Astonishing response from the bulls to Wednesday's potential reversal pattern, which was triggered from the ECB announcement of its intention to swap its current holding of Greek bonds for newly, issued bonds. Don't ask me what it means.........
The EUR, which is best gauge of risk sentiment, had a strong reversal after that the critical support in the 1.3020 area was seriously challenged.
The dip below the 50 dsma was aggressively bought.
Despite this impressive move I believe that the EUR has began a corrective wave (X) pattern that may unfold a Zig Zag, shaping a bullish flag or a Triangle.
In the daily chart below I have the Zig Zag option:
If I am wrong and the EUR resumes the uptrend off the January's lows then the equity market "will never top!!!!!"
Probably it is worthwhile to monitor commodities currencies (AUD/USD, USD/CAD) for warnings of possible reversal patterns.
Regarding the equity market nothing has changed despite yesterday strong rally.
"Excuses moi", if I keep maintaining a bearish stance for the short-term time frame.
I am strongly confident that price is involved in a topping process.
I don't want to bore you with a ton of bearish charts of indicators that are screaming that something is wrong regarding this buying spree. If you don't mind I post just a few:
- McClellan Oscillator: Huge negative divergence, still below the zero line and without a positive divergence at yesterday's equity sudden surge.

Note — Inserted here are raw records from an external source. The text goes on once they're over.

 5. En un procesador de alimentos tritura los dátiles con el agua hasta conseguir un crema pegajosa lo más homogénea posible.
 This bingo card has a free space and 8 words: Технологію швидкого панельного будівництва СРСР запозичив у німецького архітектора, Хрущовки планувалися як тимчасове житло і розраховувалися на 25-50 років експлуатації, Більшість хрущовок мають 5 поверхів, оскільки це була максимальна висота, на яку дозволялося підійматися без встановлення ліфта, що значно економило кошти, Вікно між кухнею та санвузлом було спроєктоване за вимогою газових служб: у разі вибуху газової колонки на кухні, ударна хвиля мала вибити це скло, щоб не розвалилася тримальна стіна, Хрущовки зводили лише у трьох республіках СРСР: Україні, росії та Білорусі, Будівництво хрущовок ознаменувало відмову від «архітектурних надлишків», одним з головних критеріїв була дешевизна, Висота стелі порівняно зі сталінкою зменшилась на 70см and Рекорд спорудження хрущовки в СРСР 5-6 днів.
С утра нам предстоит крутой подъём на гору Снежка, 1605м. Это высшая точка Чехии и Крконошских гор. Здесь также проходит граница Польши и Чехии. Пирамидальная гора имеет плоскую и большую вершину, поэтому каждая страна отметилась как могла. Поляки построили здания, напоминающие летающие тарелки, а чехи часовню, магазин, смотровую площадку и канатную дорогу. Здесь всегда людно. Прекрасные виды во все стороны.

- NYSE % Stocks > 50dsma: It is showing a negative divergence, while it is inside the overbought zone.
- RSI: Negative divergence. The right reversal pattern will have to breach the rising trend line.

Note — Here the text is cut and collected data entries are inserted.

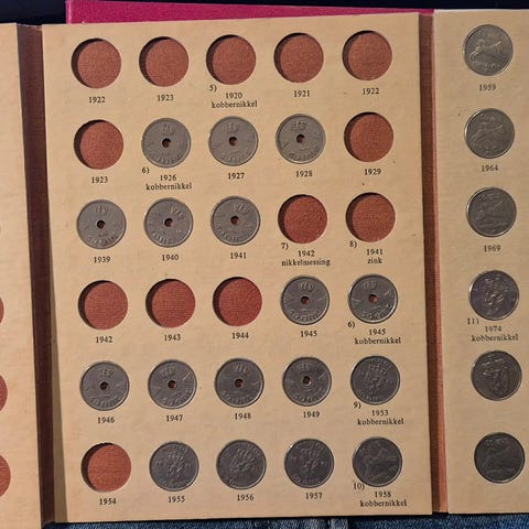 Myntalbum for norske mynter med forhåndsmerkede årstall. Albumet har sider med utsparinger til enkeltmynter, der hvert hull er merket med årstall for enkel sortering og oversikt. Flere av hullene er fylt med mynter, mens andre er tomme. Egnet til oppbevaring og systematisering av en samling norske mynter etter årstall.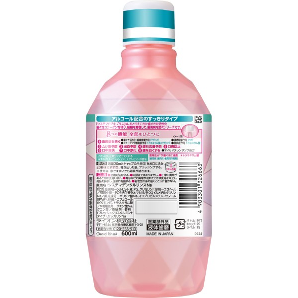 시스테마 하구키 플러스 프리미엄 덴탈 린스 프레쉬 크리스탈 민트 구강세정제 600ml 라이온 > 치주병 예방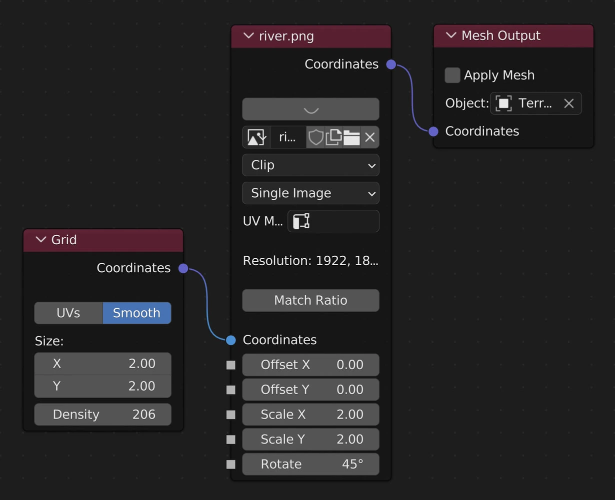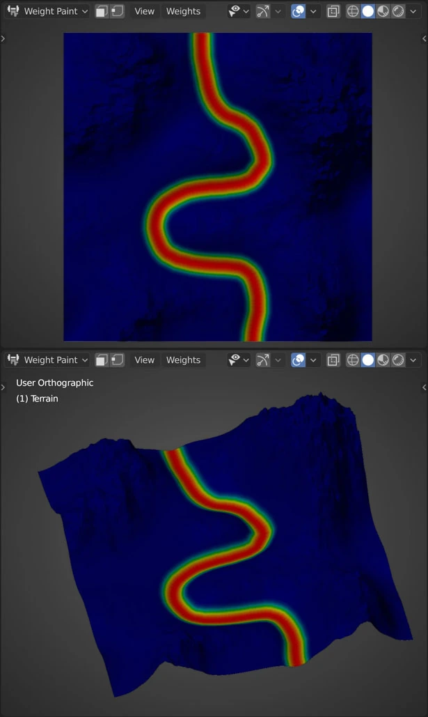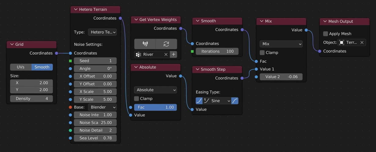 Here we are using a vertex weight map as the Factor to mix between a base value (-0.06) for the river bottom and the terrain (Hetero Terrain node)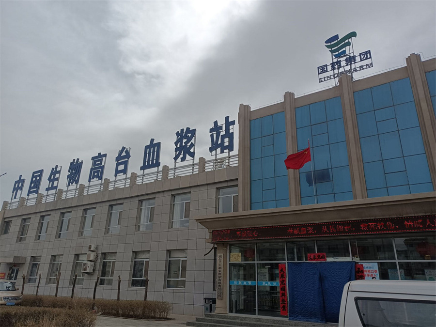 始終堅持“關愛生命,呵護健康”企業(yè)理念,緊抓“三化管理”, 建設“三型漿站”,發(fā)揮漿站“四個點”作用中國生物高臺血漿站,隸屬于國務院國資委直接管理的中央企業(yè)--中國醫(yī)藥集團有限公司,于2013年獲得甘肅省衛(wèi)生健康行政部門批準,由國藥集團蘭州生物制藥有限公司設置,2016 年1月獲得《單采血漿許可證》執(zhí)業(yè)采漿。血漿站位于甘肅省張掖市高臺縣巷正路69號,采漿區(qū)域為:高臺縣、臨澤縣、肅南裕固族自治縣(不含皇城鎮(zhèn))、甘州區(qū)(不含花寨鄉(xiāng)及安陽鄉(xiāng))、酒泉市、嘉峪關市。

- MACD: Sell signal in play.
- The weekly Stochastic of the Summation Index is flashing a sell signal.
So today we have OPEX with SPX at a multi month high and on Monday US markets are closed hence I suspect a pullback by eod, well this is an "easy" prediction.
We continue to have the same bearish patterns in progress on both the DOW and the SPX.
- DOW: There still is a bearish Ending Diagonal:
- SPX: There still is a bearish rising wedge. Here now we have the key support at 1341.22, as a break down below will open the door for the OVERDUE PULLBACK:
Regarding the "required ending pattern" maybe price is involved in an Ending Diagonal. It is only a "project" and it requires a pullback today.
I suggest to monitor closely VIX, which as I have already mentioned several times, in my opinion it has already established a potential bottom and it is now in the process of establishing a trend reversal, something that if it is correct does note bode well for the equity market.
I am also looking for bearish setups in the IBEX since I think that this one is already in a corrective mode.
Well that is all for today, while I am on the lookout for the definitive exhaustion move, I wish you a great weekend.